» Stored data:
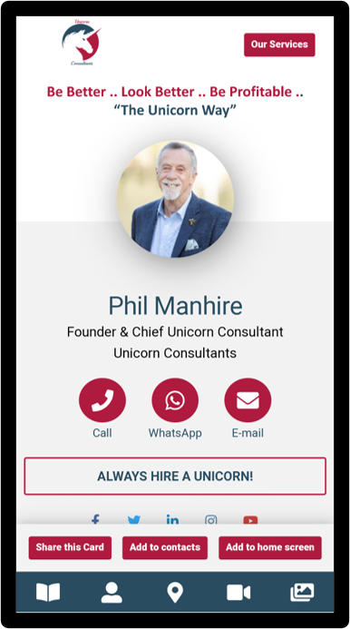 With Ondigicard, you are also able to send your digital business card to someone via an SMS text message, email, WhatsApp or social media.
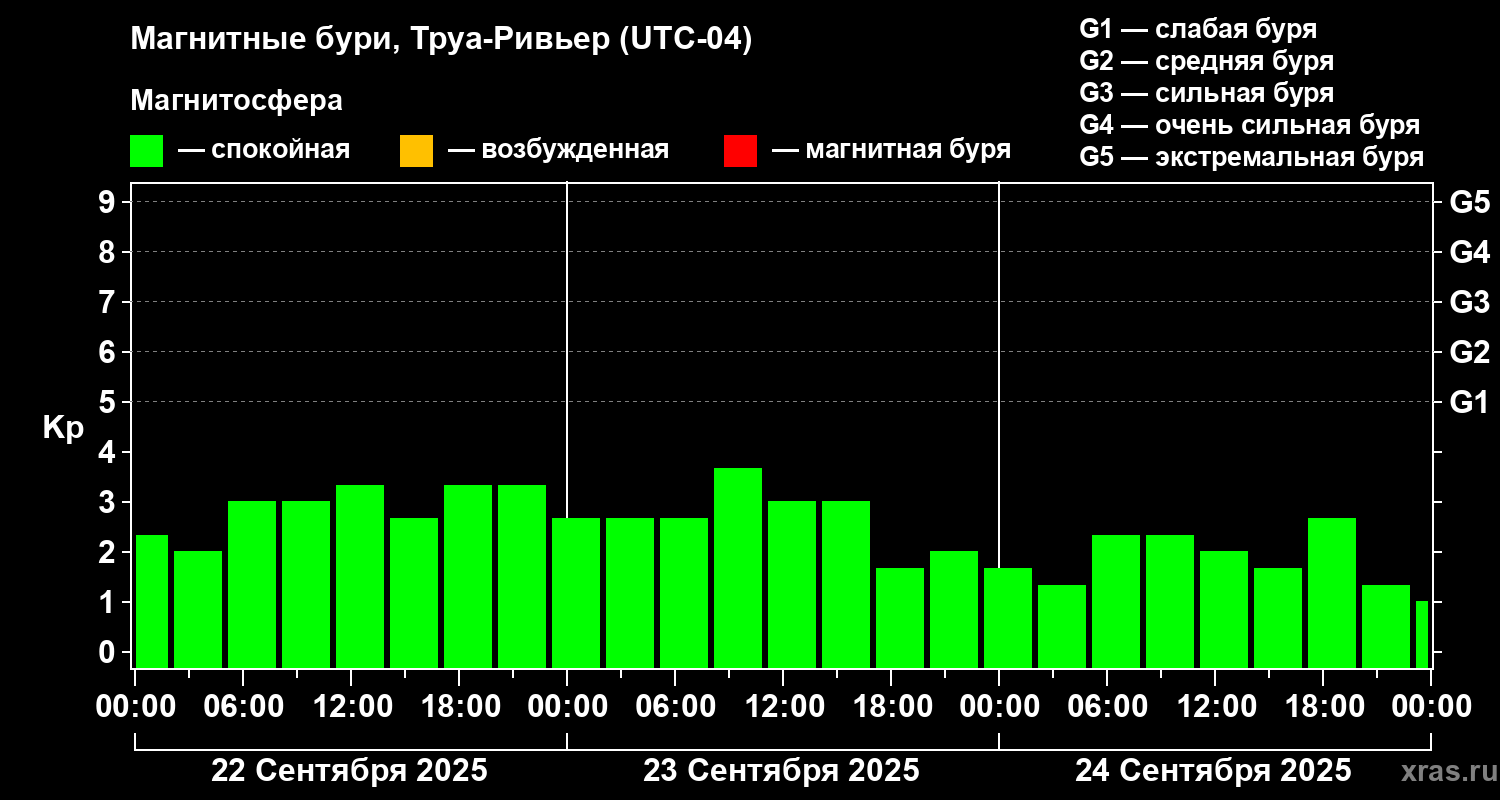 Магнитные бури в Труа-Ривьере 24 сентября 2025 года
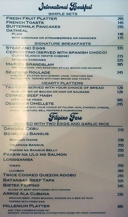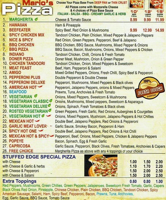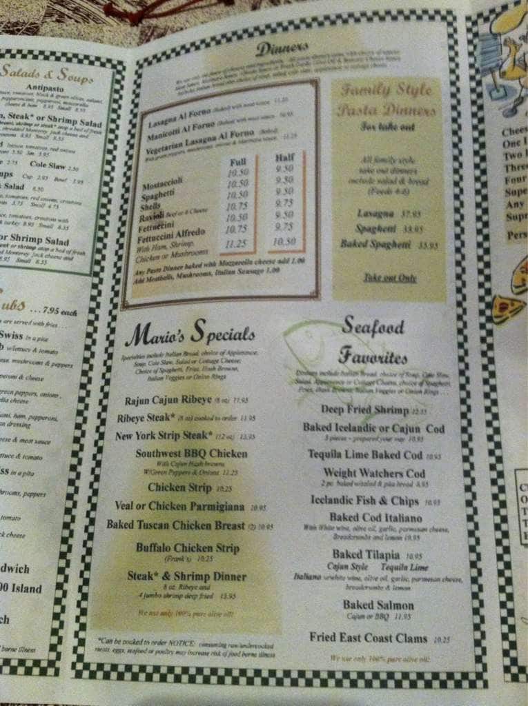 mario's restaurant menu

» Exercise details:
Take the line that contains "Магнитные бури в" and all lines after it to the end of the material above, and copy them verbatim without any images.

» Output of the task:
 Магнитные бури в Труа-Ривьере 24 сентября 2025 года
 mario's restaurant menu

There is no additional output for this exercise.